Introduction

Worldwide, low birth weight (LBW) has been recognized as a significant public health problem because of its association with a plethora of short- and long-term consequences.1 More than 20 million LBW babies are born each year worldwide, with India contributing to 42% of the global burden, single largest for any country. In India, around two-thirds of LBW births are attributable to fetal growth restriction, resulting in the birth of small-for-gestational-age (SGA) neonates.2 Apart from the higher risk of neonatal death and morbidities, SGA neonates are also predisposed to a variety of adult-onset diseases in later life due to aberrant fetal programing.3,4,5

Non-communicable diseases have replaced communicable diseases as a major cause of mortality worldwide.6 Recent findings from the Global Burden of Diseases study have highlighted chronic kidney disease (CKD) as one of the major non-communicable diseases.7 CKD is a key determinant of poor health outcomes for other major non-communicable diseases and has a risk multiplier effect on cardiovascular diseases. Apart from genetic predisposition and environmental exposures, fetal development is also being recognized as an important modulator of the risk of developing non-communicable diseases including CKD.8,9 In a normally developing fetus, nephrogenesis continues till 36 weeks of gestation.9 In the case of preterm birth, nephrogenesis may continue after birth if there is no acute kidney injury. There is no addition to the number of nephrons after birth at full-term gestation. More than half of all nephrons develop during the third trimester of pregnancy, the period when fetal growth restriction is most likely to set in. It has been hypothesized that if the fetus is affected by growth restriction, the resultant developmental programming may lead to a decrease in the final number of nephrons.10,11 Decreased glomerular surface area, in turn, may result in the decreased capacity of kidneys to excrete sodium and gradual development of glomerular sclerosis. With increasing age, this can lead to the development of hypertension and CKD. Ecological data shows that the incidence of hypertension and CKD is high in poorer population segments that also have a higher incidence of LBW.12

Most of the research on the effect of fetal growth restriction on renal structure and function has been conducted in animal models.10,13,14,15 These animal studies support the hypothesis that fetal deprivation affects the nephron number. Demonstration of the number of nephrons in humans is not possible unless an autopsy is performed. Determination of renal mass and renal size is not a good marker of nephron number as the remaining nephrons hypertrophy resulting in the normalization of renal size.

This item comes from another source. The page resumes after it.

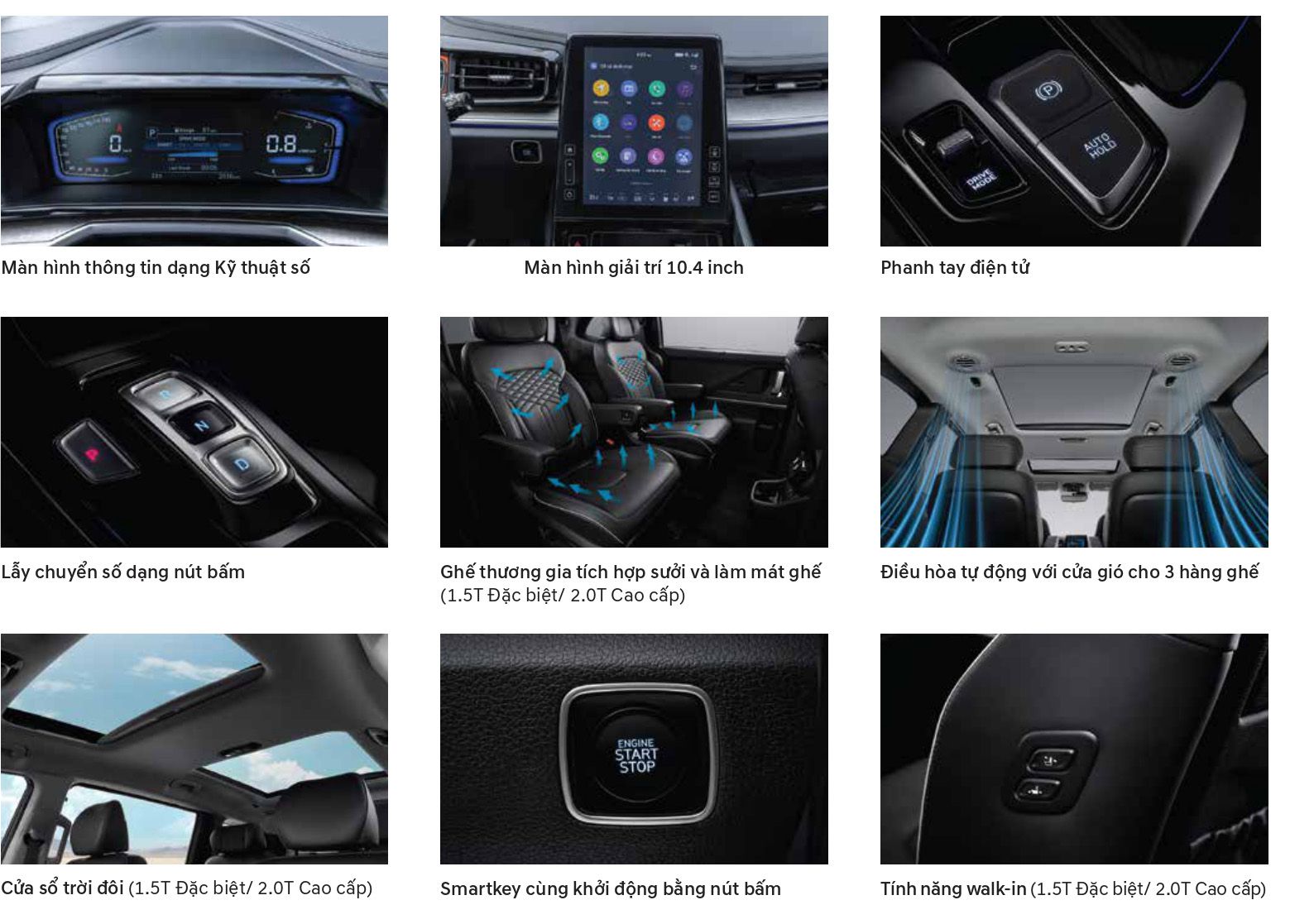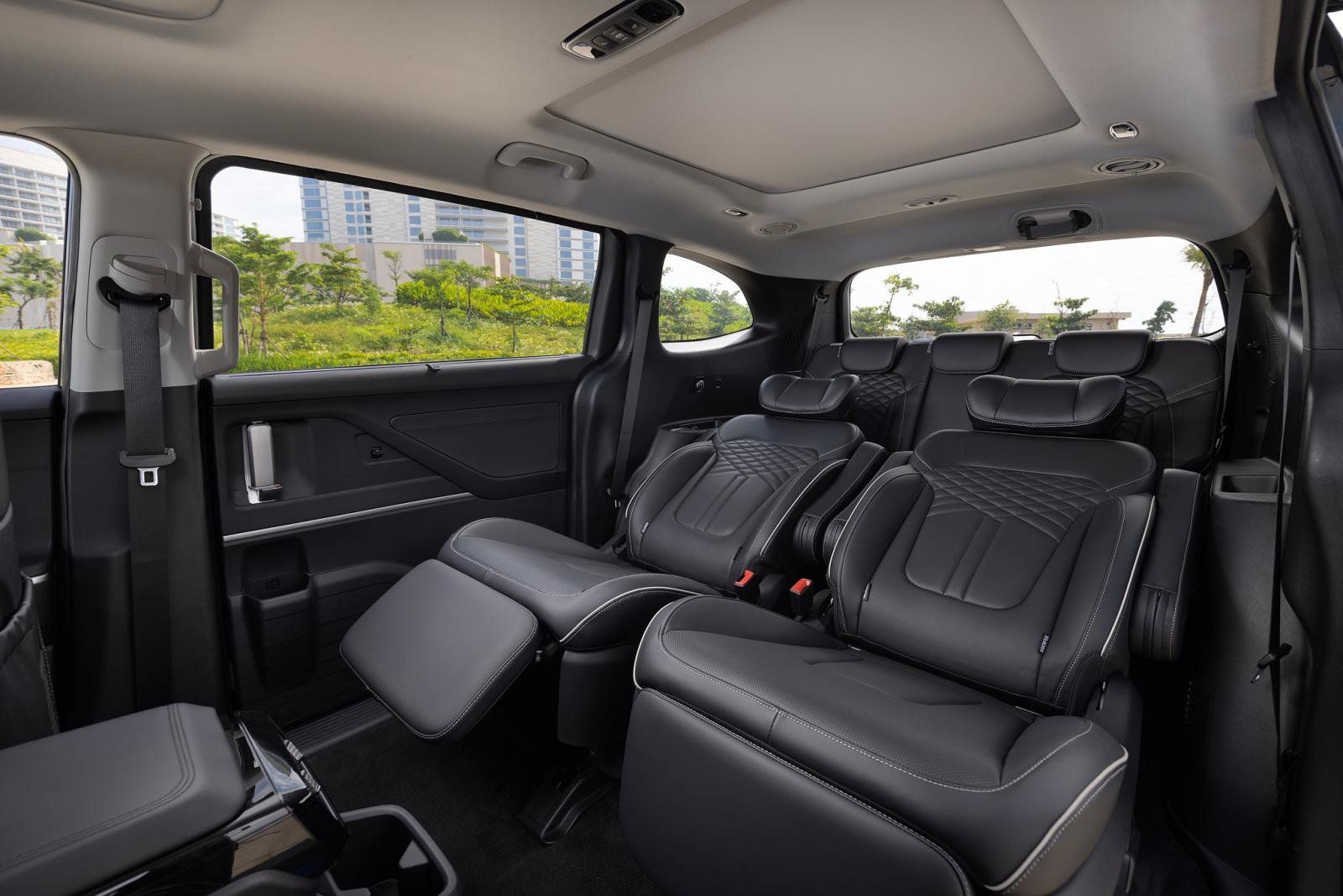 Cùng với đó là loạt trang bị đáng chý ý khác như chìa khóa thông minh, khởi động nút bấm kết hợp khởi động từ xa, phanh tay điện tử, camera toàn cảnh 360, cửa sổ trời kép, cốp mở điện, rèm chắn nắng cho hàng ghế sau, điều hòa tự động, cửa gió điều hòa và cổng sạc cho 3 hàng ghế...

Therefore, ultrastructural studies are needed to determine the number of nephrons.15 As no in vivo method exists to determine the nephron number, there is a need for a biomarker for early detection of alteration in nephrogenesis. This can help in predicting which SGA neonates are at risk of developing hypertension and CKD in later life. Podocalyxin (PCX), a sialoprotein present on podocytes, has been demonstrated to be a marker of nephrogenesis. Urinary levels of PCX measured at birth in premature neonates are higher than in term neonates reflecting ongoing nephrogenesis.16,17 This could help us to recognize the babies at risk of developing CKD in later life. The present study was planned with the hypothesis that the urinary PCX levels, a marker of nephrogenesis, would be lower among preterm SGA neonates as compared to gestation-matched appropriate-for-gestation-age (AGA) controls. We also planned to evaluate the association between the severity of fetal growth restriction as assessed by birth weight centile and urinary PCX levels, and to compare glomerular and tubular functions at birth in SGA and AGA neonates.

Materials and methods

This cross-sectional study was conducted from 1 May 2018 to 31 July 2019 in the Department of Neonatology in collaboration with the Department of Biochemistry at Government Medical College and Hospital, Chandigarh, India. The study protocol was approved by the Institute Ethics Committee and written informed consent was obtained from either parent of the neonate before enrollment.

Study subjects

Preterm neonates born in the hospital between 26+0 and 36+6 weeks of gestation were eligible for enrollment. Neonates were enrolled in the following two groups:

  1. 1.

    SGA group included neonates with birth weight <10th percentile for gender and gestation as per Intergrowth-21 size at birth growth standards.18 This group comprised of an equal number of neonates with birth weight between 3rd and 10th centile and birth weight below 3rd centile.

  2. 2.

    Control group included neonates with birth weight between 25th and 90th centile for gender and gestation.18 Neonates between the 10th and 25th centile were not included in the control group as some of these neonates have borderline fetal growth restriction and have morphological features of growth restriction, but do not fulfill the statistical definition (birth weight <10th centile weight). To avoid contamination, neonates with birth weight >25th centile were enrolled in the control group. AGA neonates were enrolled as control subjects.

Neonates with a major congenital malformation, fetal renal pelvic dilatation, or any renal anomaly detected in the antenatal period, significant perinatal asphyxia defined as the need of bag and mask ventilation for at least 30 s, history of nephrotoxic drug intake by mother during pregnancy, anuria from birth till 48 h of age, shock defined as the need of inotropic support in first 48 h, and monochorionic–monoamniotic twins were excluded.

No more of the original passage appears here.